Saturday, 18 February 2012

From the Jaws of Defeat

I have a dangerous habit of logging on to Amazon late at night after a glass or two of wine too many.  This often leads to the buying of some interesting cookbooks.  As some of these come form overseas they can take a while to be delivered so when "Baking With Julia" turned up yesterday, I had forgotten that I had even ordered it.

A flick through made me determined to have a go at Cardinal Slice, a meringue and genoise layer slice made more complicated by the fact that the meringue and sponge mixtures are piped in stripes.  It is supposed to look like this when fully assembled.



I have had some trouble with American recipes before so I shouldn't have been surprised when this didn't turn out quite as planned.  The meringue, rather than being crisp was soft and soggy whilst the sponge was cooked through but had spread out into a flat covering.  It tasted OK but there was no way it was coming off the paper. What I ended up with was a flat mess.

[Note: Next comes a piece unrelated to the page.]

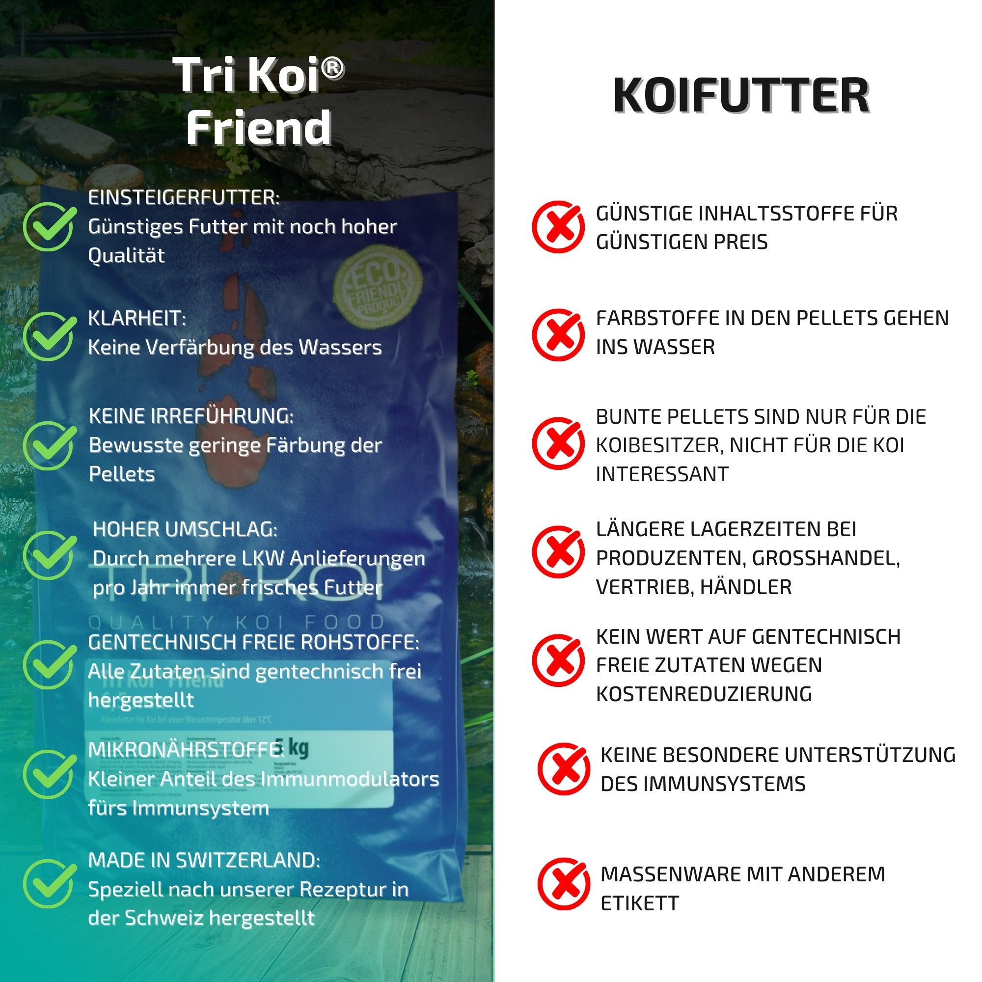 Vanwege ons hoge verbruik ontvangt u ons Tri Koi®-voer Friend altijd absoluut vers.

I may have a go at this again in the future, but I think if I did I might try cooking the meringue a little first, before adding the sponge into the gaps in the piping.  This may make them crisper and mean that the slices may have half a chance of holding together and making themselves into a cake.I would also use my standard genoise recipe as it is less likely to leave three pints of mixture left over.  There really is only so much sponge mix you can deal with in one go.

Not one to give up, the book suggests that you use the left over sponge mix (there was tonnes of the stuff) to make ladies finger biscuits.  That sounded like a bit of a faff to me so I thought I would just bung the mixture into a swiss-roll tin and see what happened.  Well it has made a soft thin sponge which has made the house smell heavenly.  I thought rolling it was asking for trouble so took the easy route and cut it into three pieces and layered them with raspberry jam and fresh cream.



 Not quite a victory, but pretty tasty and at least means that the whole mixture didn't go to waste.